Тусклая лампочка над головой затрещала и моргнула. “Надо, наконец, нанять кого-то, чтобы заменил провод”, – отстраненно подумала Зина. Провод, перемотанный скотчем в нескольких местах, был протянут прямо поверх стены, закреплен кое-как и провисал в нескольких местах. Что поделать, если в этом доме много лет жили только одинокие женщины. Попросить… соседа? Как бы хуже не сделал.
Старый кот на ее коленях хрипло муркнул в последний раз и затих. Мохнатый рыжий бок тяжело приподнялся и опустился. Зина провела по нему рукой.
Ну вот и все. Столько лет они с котом спасали друг друга: она его от смерти, он ее – от одиночества.

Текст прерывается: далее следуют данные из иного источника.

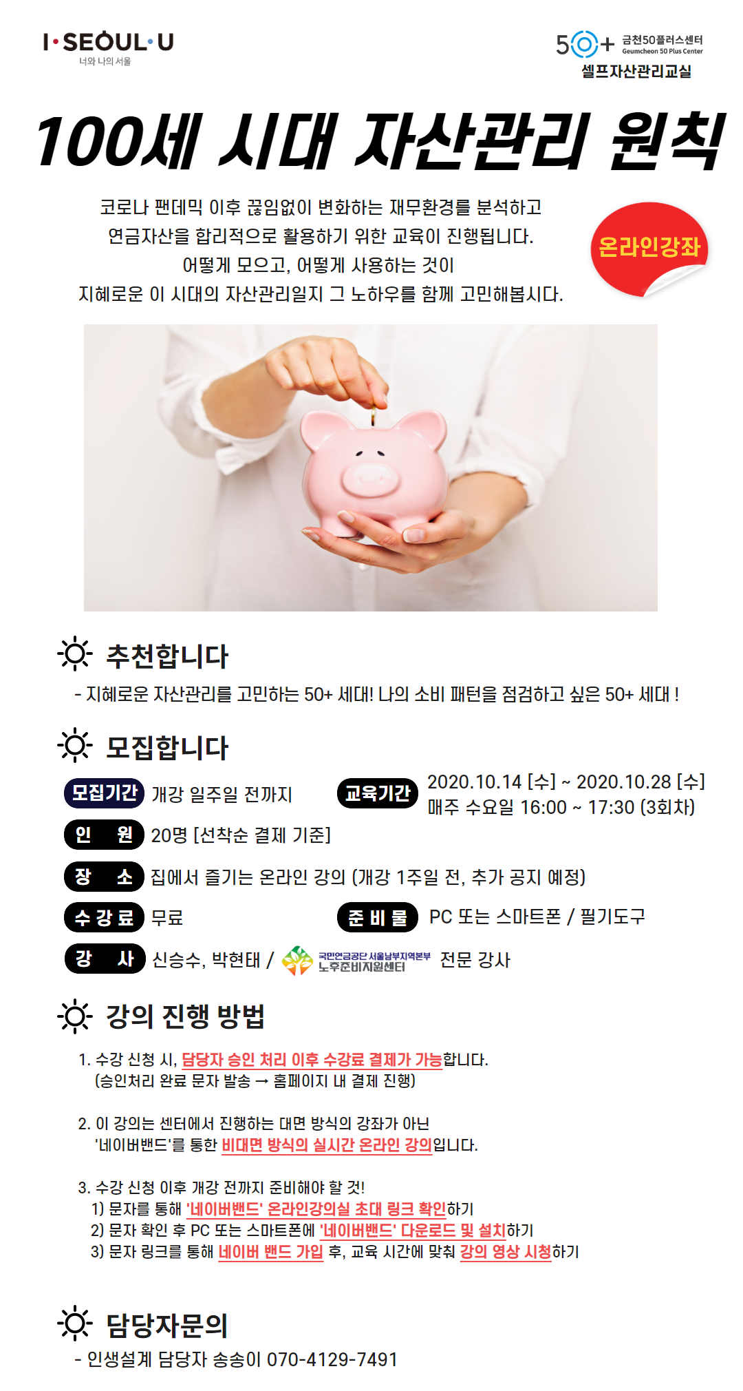 (1 회차) 2020.10.14(16:00 ~ 17:30) 온라인강의실 신승수 <변화하는 재무환경 이해 및 은퇴이후 원칙 알기>
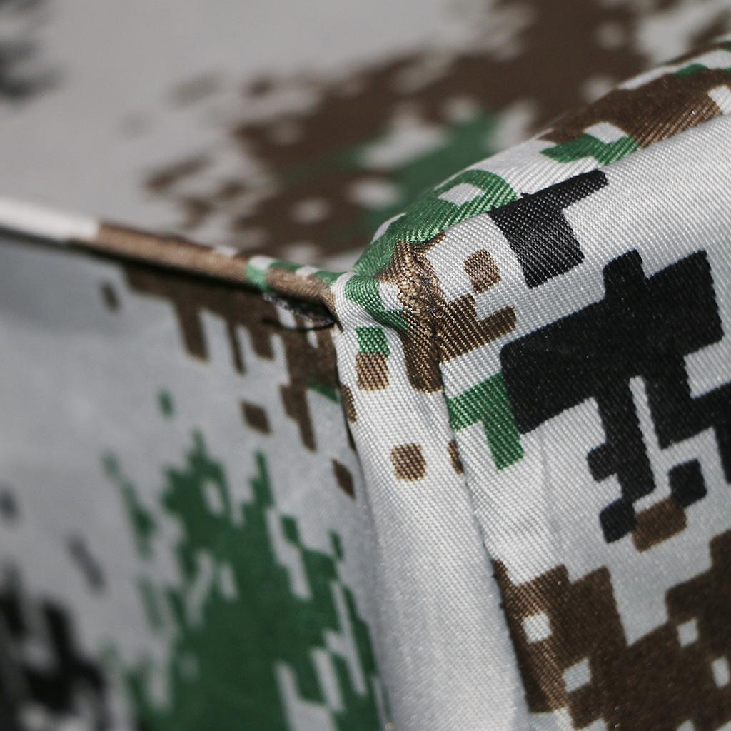 Made of camo fabric + steel frame, strong and portable. Size: 40×40 cm

По сути, за все годы, что она прожила здесь, в этой богом забытой южной станице, она и не искала другого общества. И тогда, когда в первый раз приехала сюда жить, и уж тем более во второй. С коллегами отношения сложились ровные и прохладные, ученики… ученики начинали ценить ее только тогда, когда оканчивали школу. Ее выпускники подходили к ней 1 сентября и в День учителя – в прошлом году, и в этом тоже. Благодарили, вспоминали со смехом, как боялись ее и почти ненавидели. Слишком сухая, слишком строгая, слишком требовательная. Уж точно никто из них никогда бы не напросился в гости и не стал с ней болтать просто так.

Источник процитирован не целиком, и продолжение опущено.